Add a device event handler to capture P_Key table change events. For
devices that don't support setting the P_Key index per work request, update
the per-P_Key QP table in the MAD layer, creating QPs as
needed.

The code currently doesn't destroy created QPs when their pkeys are
cleared.
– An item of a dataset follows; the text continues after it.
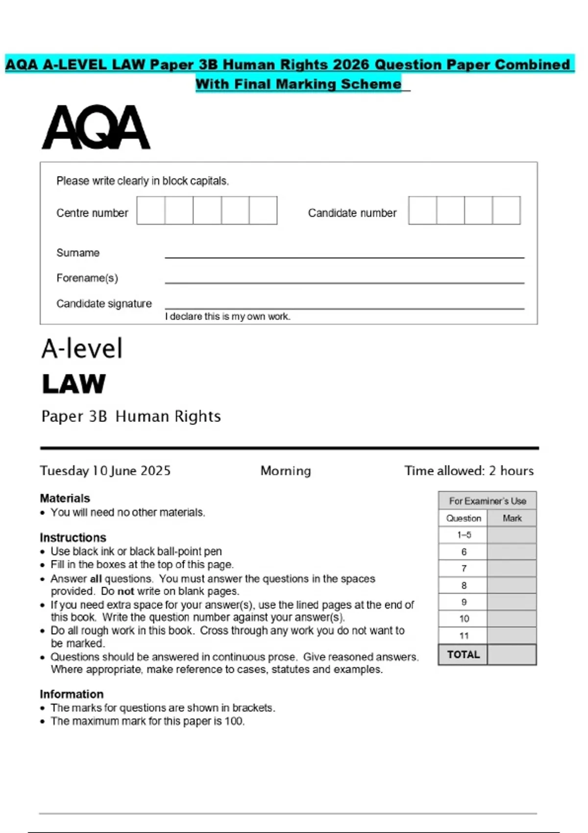 AQA A-LEVEL LAW Paper 3B Human Rights 2026 Question Paper Combined With Final Marking Scheme

This can be added later on.

Signed-off-by: Haggai Eran <haggaie-VPRAkNaXOzVWk0Htik3J/w@public.gmane.org>
---
 drivers/infiniband/core/mad.c      | 51 ++++++++++++++++++++++++++++++++++++--
 drivers/infiniband/core/mad_priv.h |  2 ++
 2 files changed, 51 insertions(+), 2 deletions(-)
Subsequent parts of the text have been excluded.